- [Action item] Leaving out the pictures, output the lines from the one that contains "This gaming mat" through the end of the material, exactly as they stand.

- [Source material]
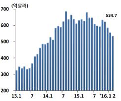 2월말에는 중국 위안화 예금의 감소세가 두드러졌다. 2월말 위안화 예금은 전월 말 대비 6000만달러가 줄어든 43억4000만달러로 역대 최고치를 기록했던 217억달러에 비해 5분의 1 수준으로 급감했다. 위안화 예금은 2013년 11월말(41억7000만달러) 이후 최저 수준이다.
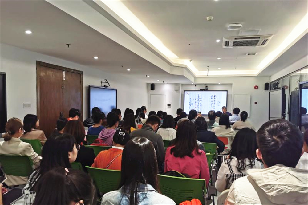 王永平研究员在讲述的过程中声情并茂,用自己的亲身经历结合中国共产党的发展历史,向大家讲述了中国共产党一百年峥嵘岁月里无数可歌可泣的故事。他指出,100年来中国发生沧桑巨变,换了人间。产生这一巨变的根本原因,在于有了中国共产党。他用幽默风趣的语言向大家精彩阐述了《中国共产党的历史使命与行动价值》的主要内容,并从全心全意为人民服务、为实现理想不懈奋斗、具有强大的领导力执政力、始终保持旺盛生机和活力、为人类和平与发展贡献力量这五个方面深度解读了中国共产党是什么样的政党。王永平研究员还通过书法作品来作课件的形式为大家呈现了不一样的《中国共产党的历史使命与行动价值》,让大家在收获知识与智慧的同时,也感受到中国书法的魅力。
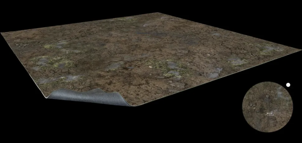 This gaming mat depicts a mud-covered field, also usable as the base for a townscape. It is printed in high quality on fabric with a 1mm neoprene backing. It can be combined with similar mats to make a larger battlefield and can be rolled or folded for easy storage.
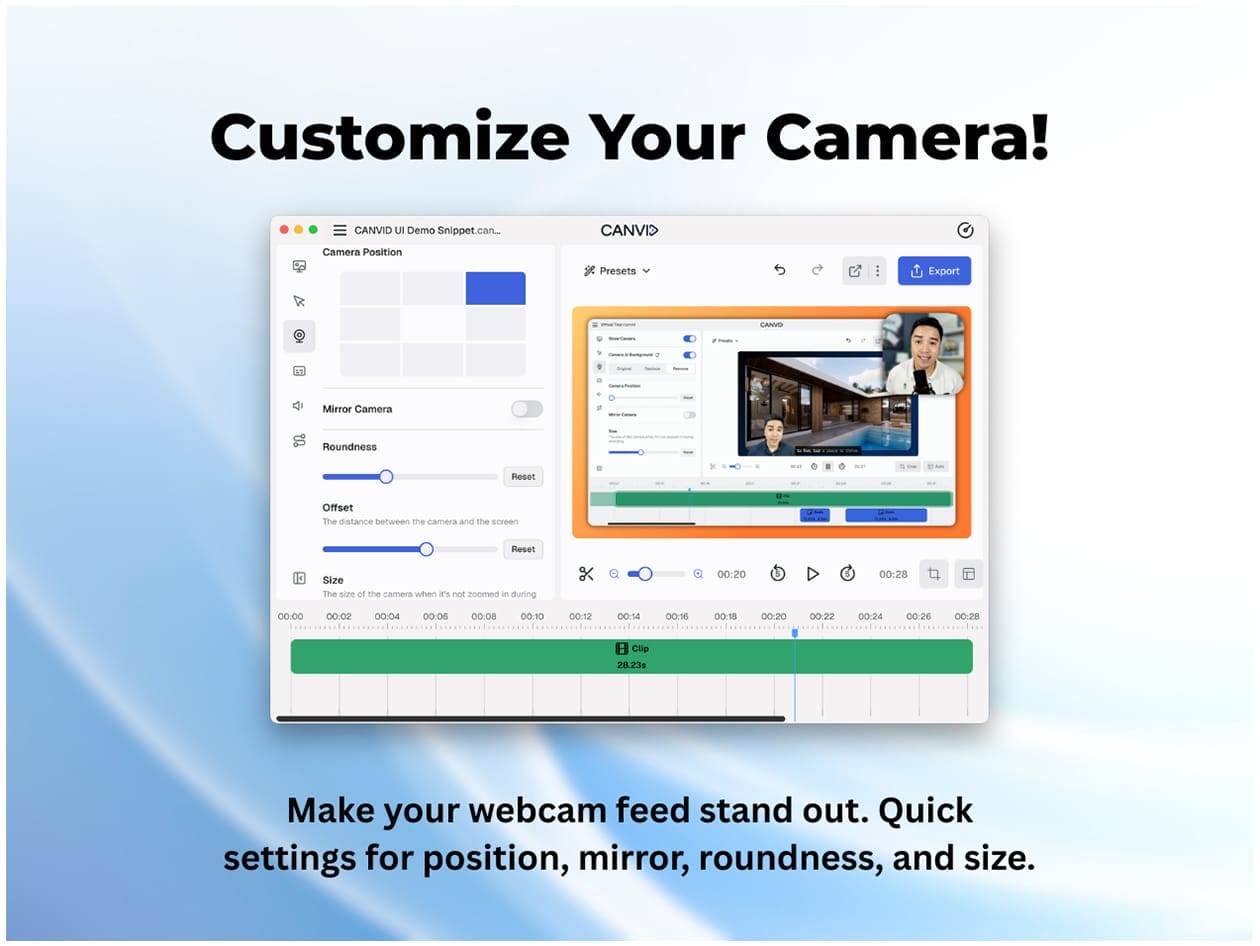 • Precision: Fine-tune your camera’s position and size for seamless integration with your content, ensuring every detail is perfect.

- [Response]
 This gaming mat depicts a mud-covered field, also usable as the base for a townscape. It is printed in high quality on fabric with a 1mm neoprene backing. It can be combined with similar mats to make a larger battlefield and can be rolled or folded for easy storage.
 • Precision: Fine-tune your camera’s position and size for seamless integration with your content, ensuring every detail is perfect.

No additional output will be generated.